**Instructions for the task:** Exactly the lines below from the line with "Witryna 2-drzwiowa Margaret" through the line with "ASOS DESIGN –" must make up the answer, both ends included and pictures left out.

**Dataset records:**
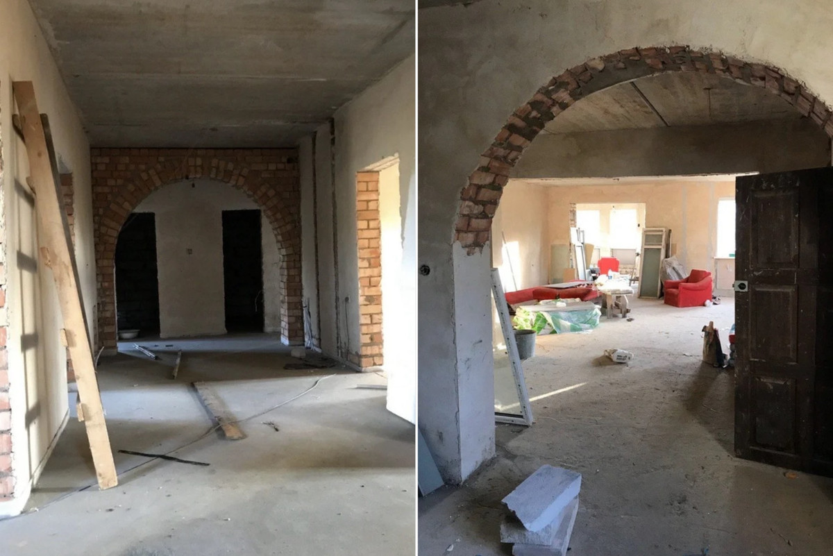 Дом построен в 1999 году из блоков и облицован кирпичом, крыша — из металлочерепицы. Внутри — черновая отделка, что позволит будущему владельцу сделать интерьер по собственному вкусу. Будет это предсказуемое решение в виде лепнины и позолоты или нечто неожиданное в виде брутального лофта, решать только новому хозяину. Ясно одно: вложиться в ремонт нужно основательно — все-таки площадь у жилья немаленькая.
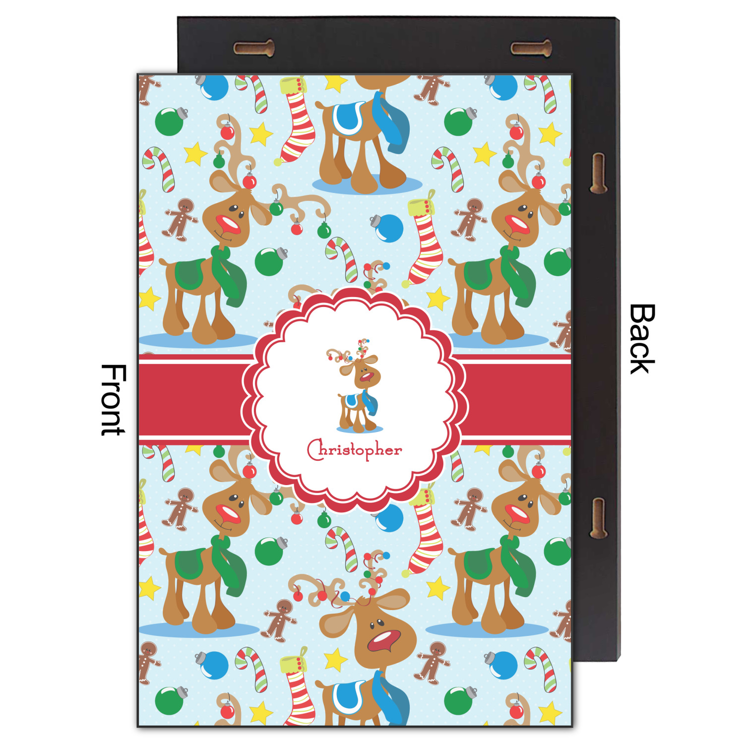 Who doesn't love reindeer? Everyone can agree this fun design of Santa's famous helpers clad in festive scarves and ornaments on their antlers, surrounded by candy canes, gingerbread men, and Christmas stockings, likely stuffed with even more goodies, is absolutely adorable. The ribbon and label are red, and the label includes a little reindeer, ready for the holidays, along with your name or text for personalization.
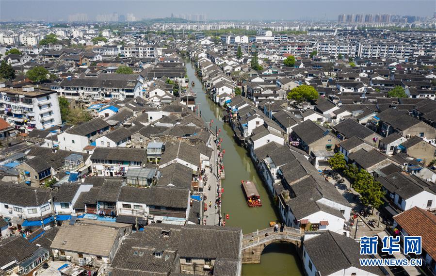 圖為4月18日無人機拍攝的蘇州山塘街及城景。 新華社記者 李響 攝
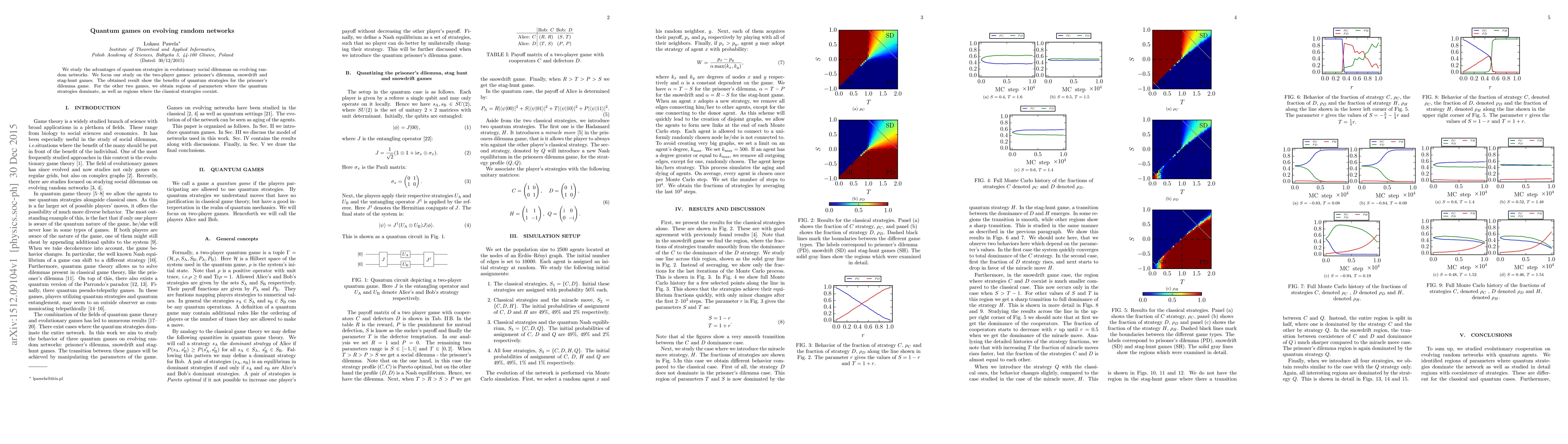 We study the advantages of quantum strategies in evolutionary social dilemmas on evolving random networks. We focus our study on the two-player games: prisoner's dilemma, snowdrift and stag-hunt games. The obtained result show the benefits of quantum strategies for the prisoner's dilemma game. For the other two games, we obtain regions of parameters where the quantum strategies dominate, as well as regions where the classical strategies coexist.
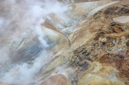 Steaming, sulfuric, active fumaroles near Mutnovsky volcano, Kamchatka Peninsula, Russia
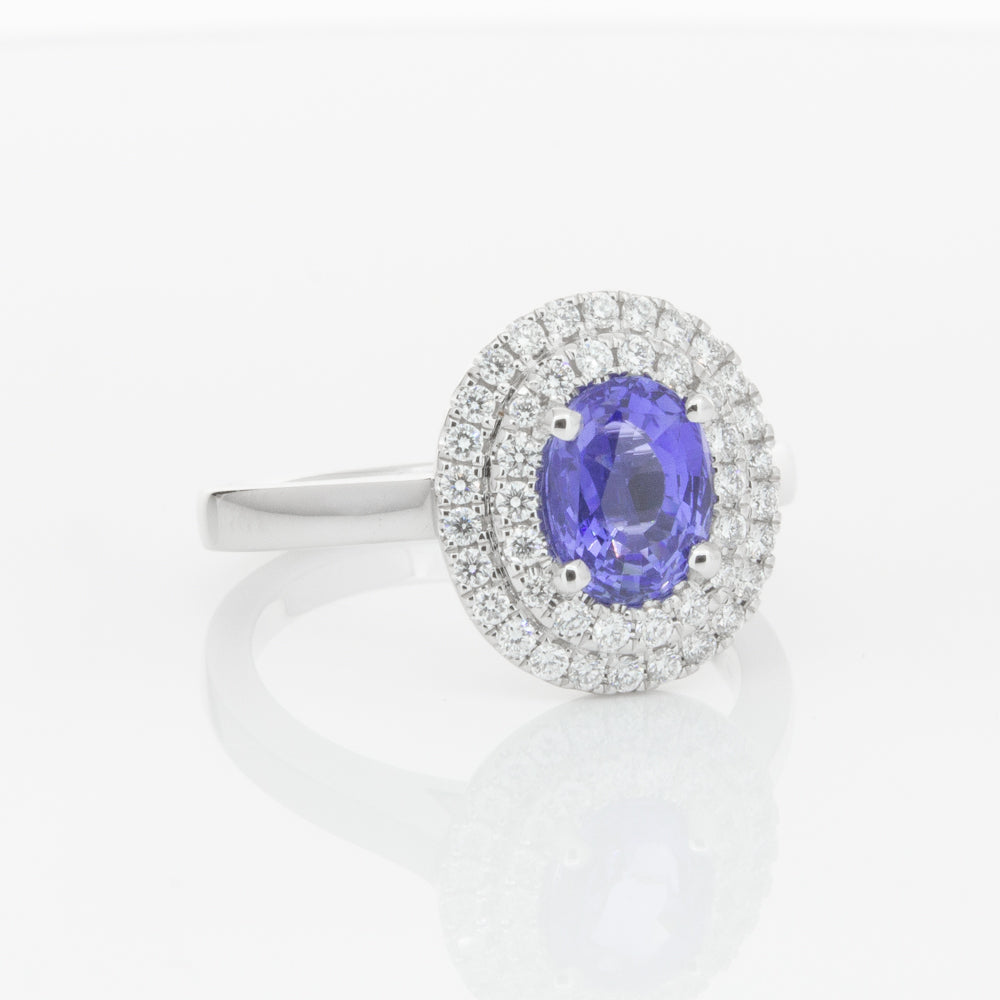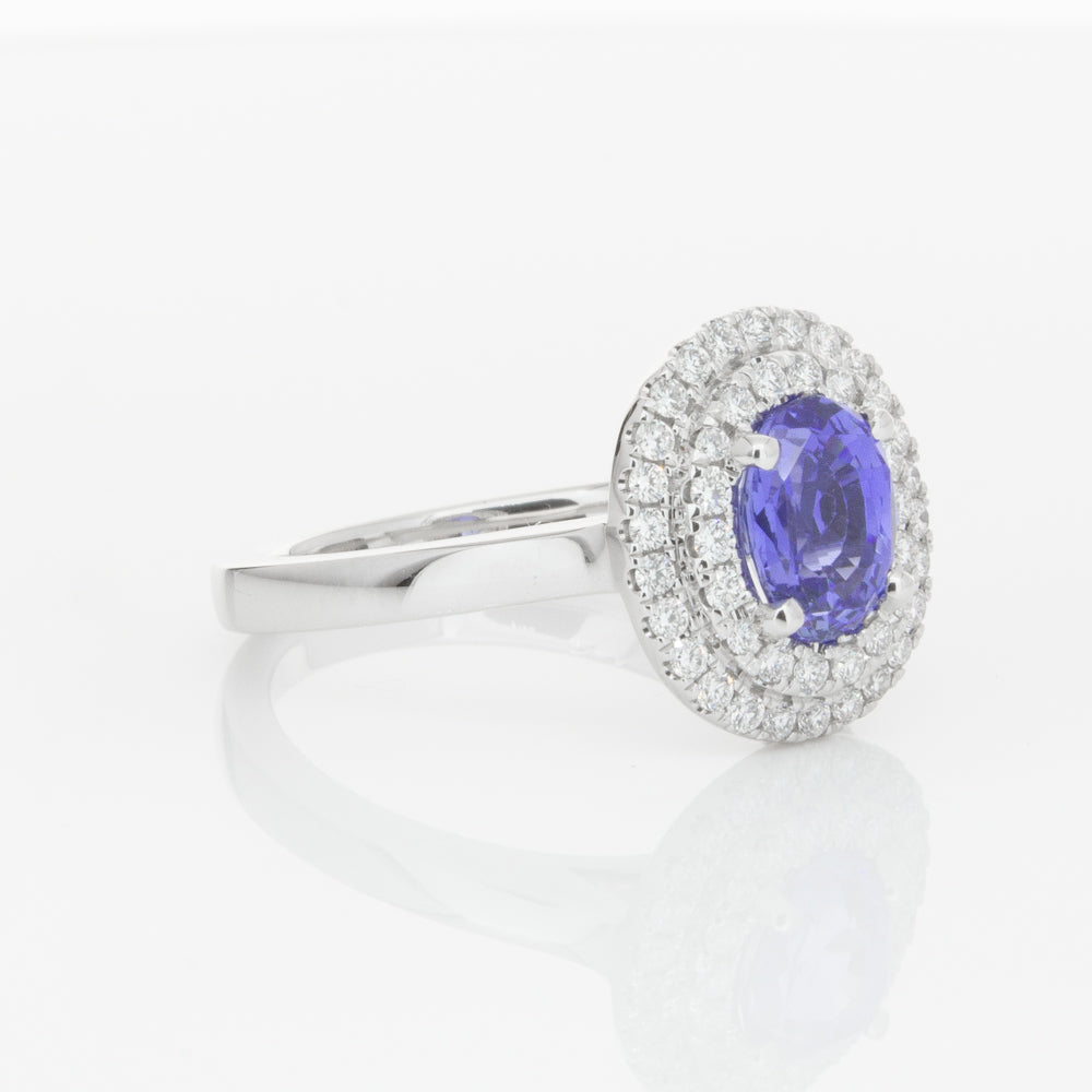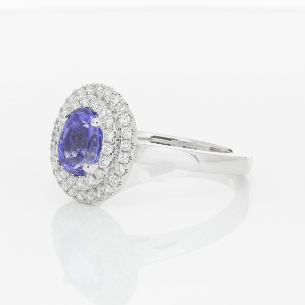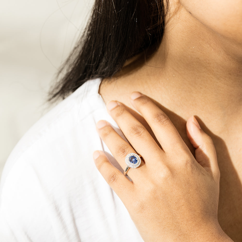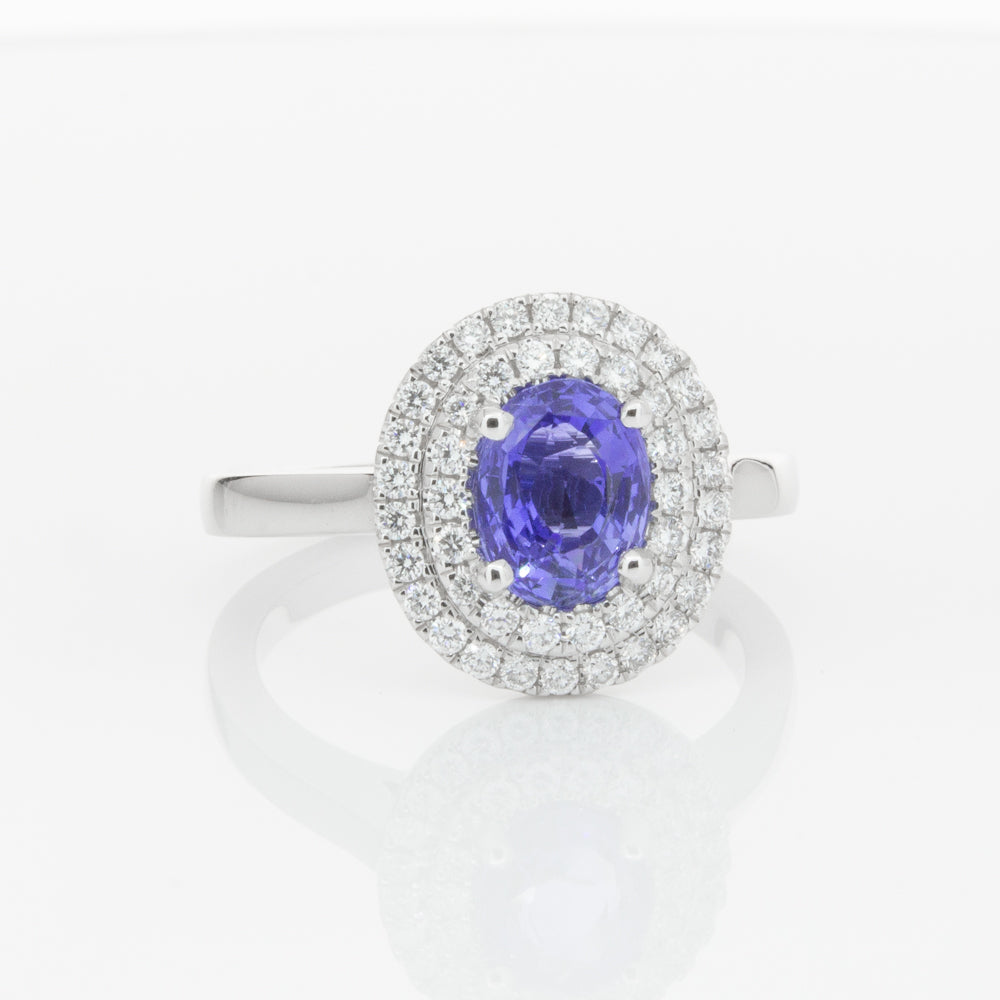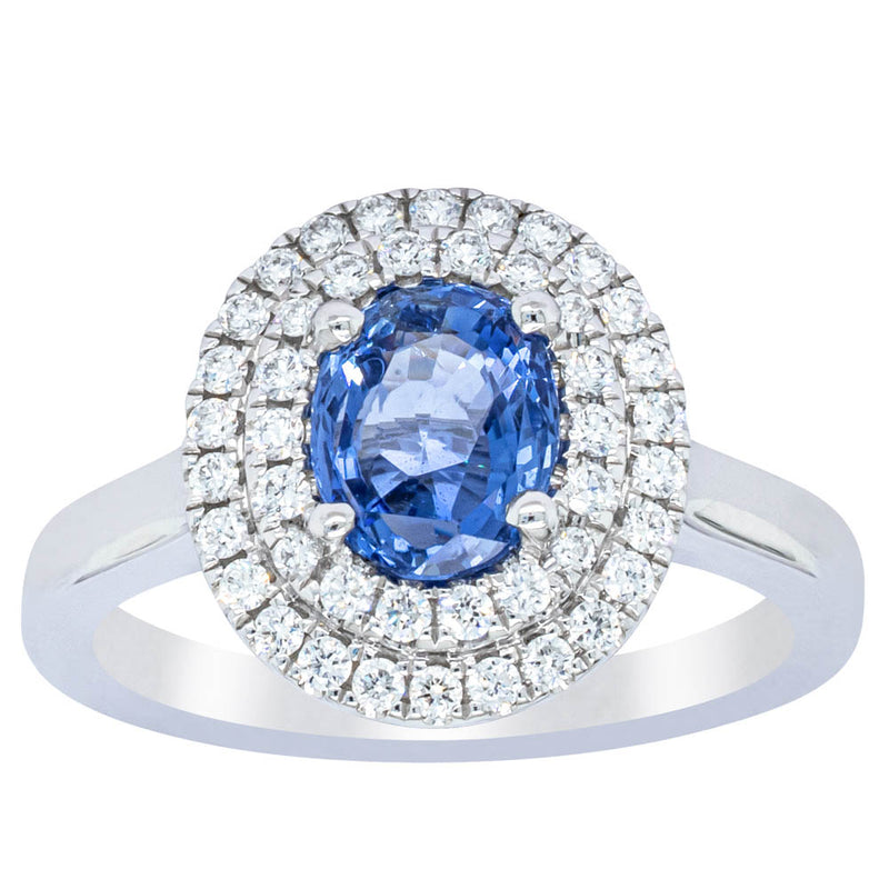 18ct white gold ring featuring one oval cut sapphire framed by a two tier halo of dazzling white diamonds.
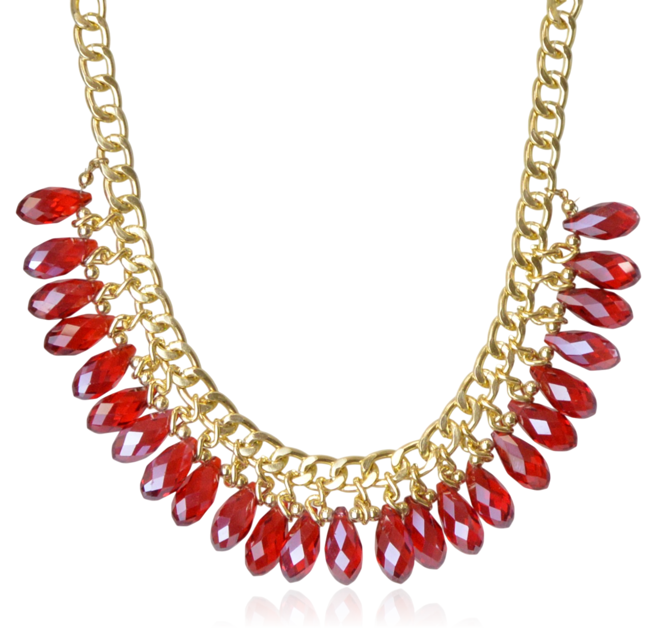 Naszyjnik – kolia z masywnego, złotego łańcucha, zdobiona fasetowanymi kryształkami w formie czerwonych, opalizujących łezek. Jego efektowny, dynamiczny wygląd przypomina pióropusz, przyciągając wzrok i nadając każdej stylizacji odważny, luksusowy charakter. Idealny wybór na wieczorne wyjścia, bankiety i inne wyjątkowe okazje, gdzie chcesz zabłysnąć.
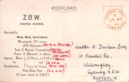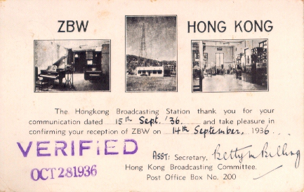 QSL card from the Hong Kong Broadcasting Station for a report of 14 September 1936 on 8.750 MHz. Power was 250 watts
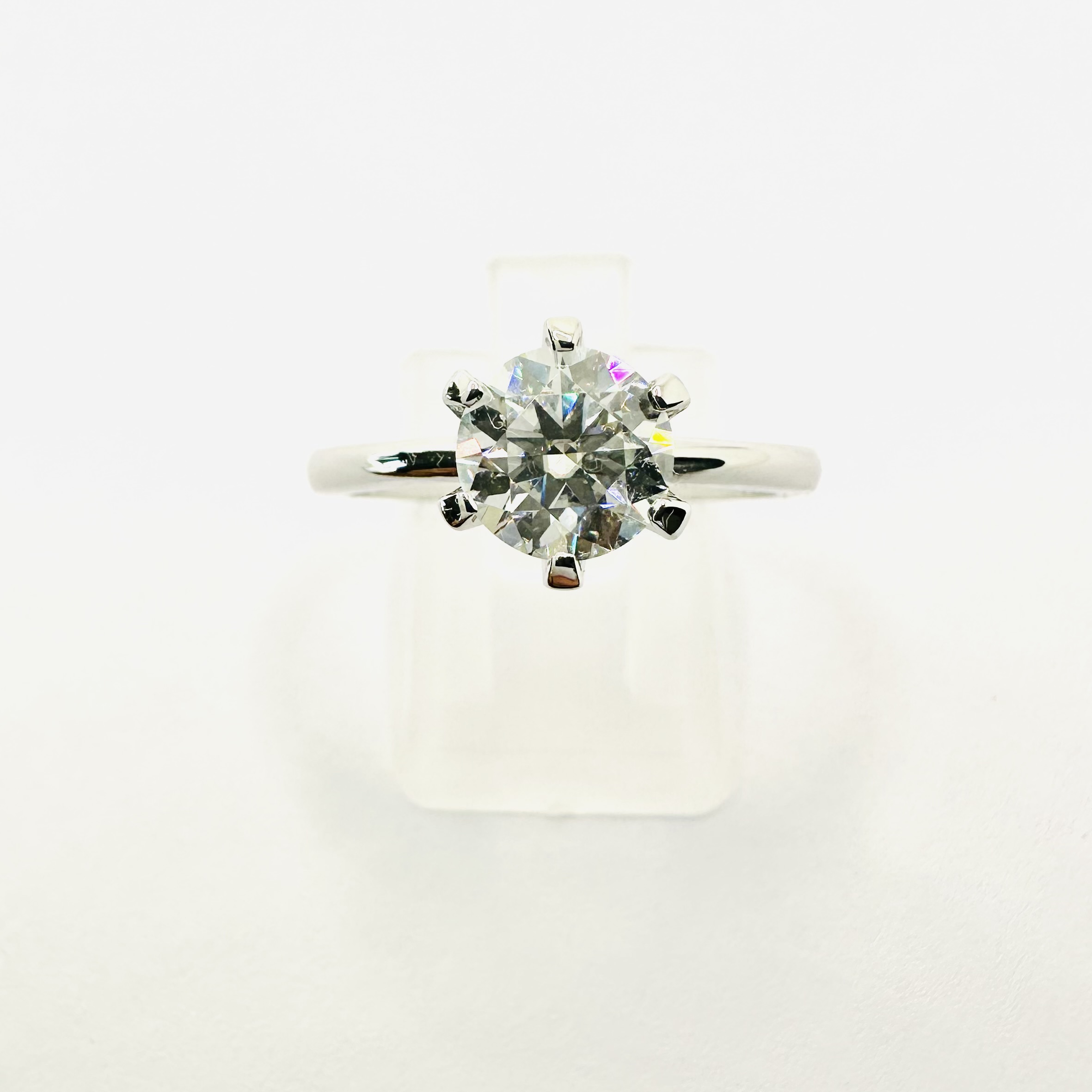 Imponujący, trwały pierścionek wykonany z białego złota 585 (14K), osadzony z brylantowym moissanitem VS1/E o średnicy około 7,0 mm i masie ok. 1,20 ct. To model stworzony z myślą o wieloletnim użytkowaniu — posiada masywną szynę, znaczną ilość złota oraz stabilną oprawę na 6 łap, która pewnie utrzymuje kamień. To pierścionek, który może być przekazywany z pokolenia na pokolenie.
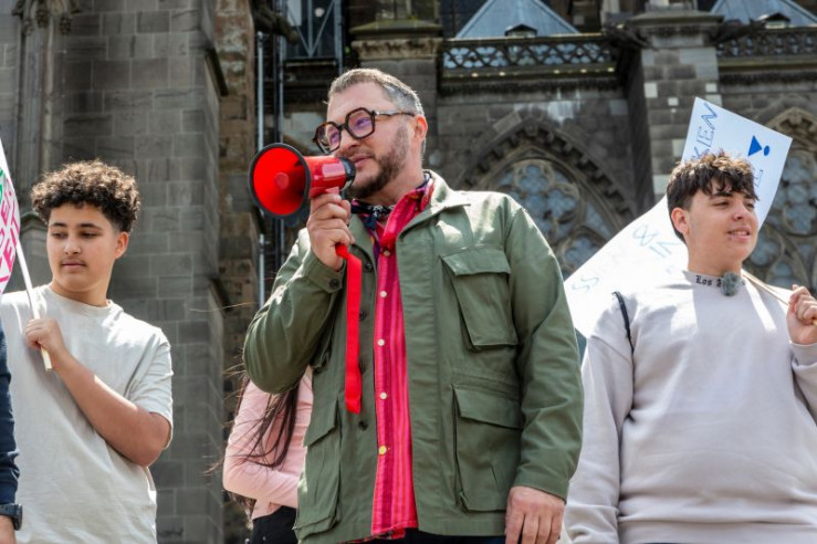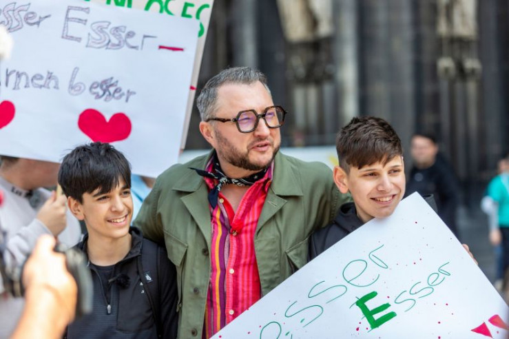 Schülerinnen und Schüler der Katharina-Henoth-Gesamtschule bei einer Unterschriftenaktion im Rahmen des Formats "besseresser goes Schule - Lege packt's an" vor dem Kölner Dom.
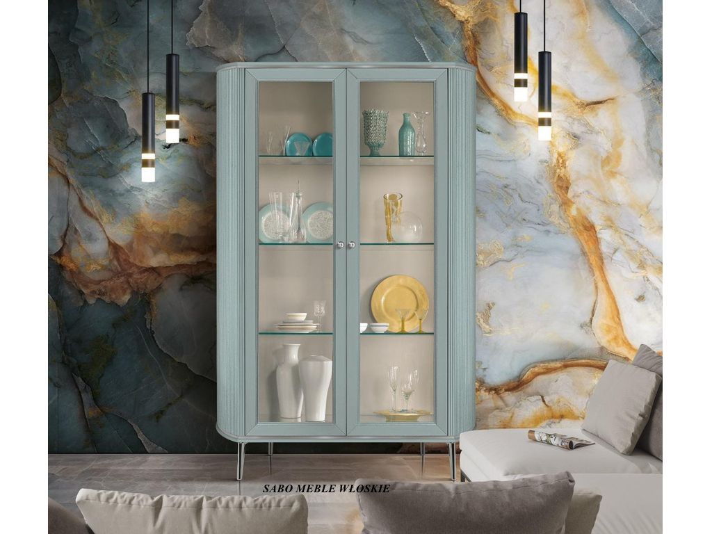 Witryna 2-drzwiowa Margaret na metalowych złotych nóżkach w kolorzeMEBLE SĄ ZAMAWIANE I PRZYWOŻONE TYLKO I WYŁĄCZNIE NA KONKRETNE ZAMÓWIENIE KLIENTA
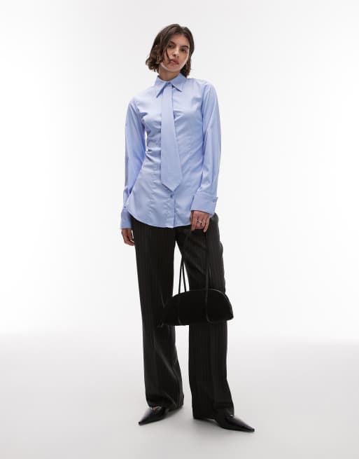 ASOS DESIGN – Hemd in Oxford-Blau mit Abnäher an der Taille
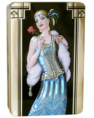 Art Deco was een invloedrijke ontwerpstijl die de wereld tussen 1920 en 1940 had geveegd. Het beeldt een mooie dame, klaar om uit te gaan in de avond. De compexe relief jurk en veren hoed schitteren tegen de zwarte achtergrond en het typische Art Deco gouden frame.

**Written answer:**
 Witryna 2-drzwiowa Margaret na metalowych złotych nóżkach w kolorzeMEBLE SĄ ZAMAWIANE I PRZYWOŻONE TYLKO I WYŁĄCZNIE NA KONKRETNE ZAMÓWIENIE KLIENTA
 ASOS DESIGN – Hemd in Oxford-Blau mit Abnäher an der Taille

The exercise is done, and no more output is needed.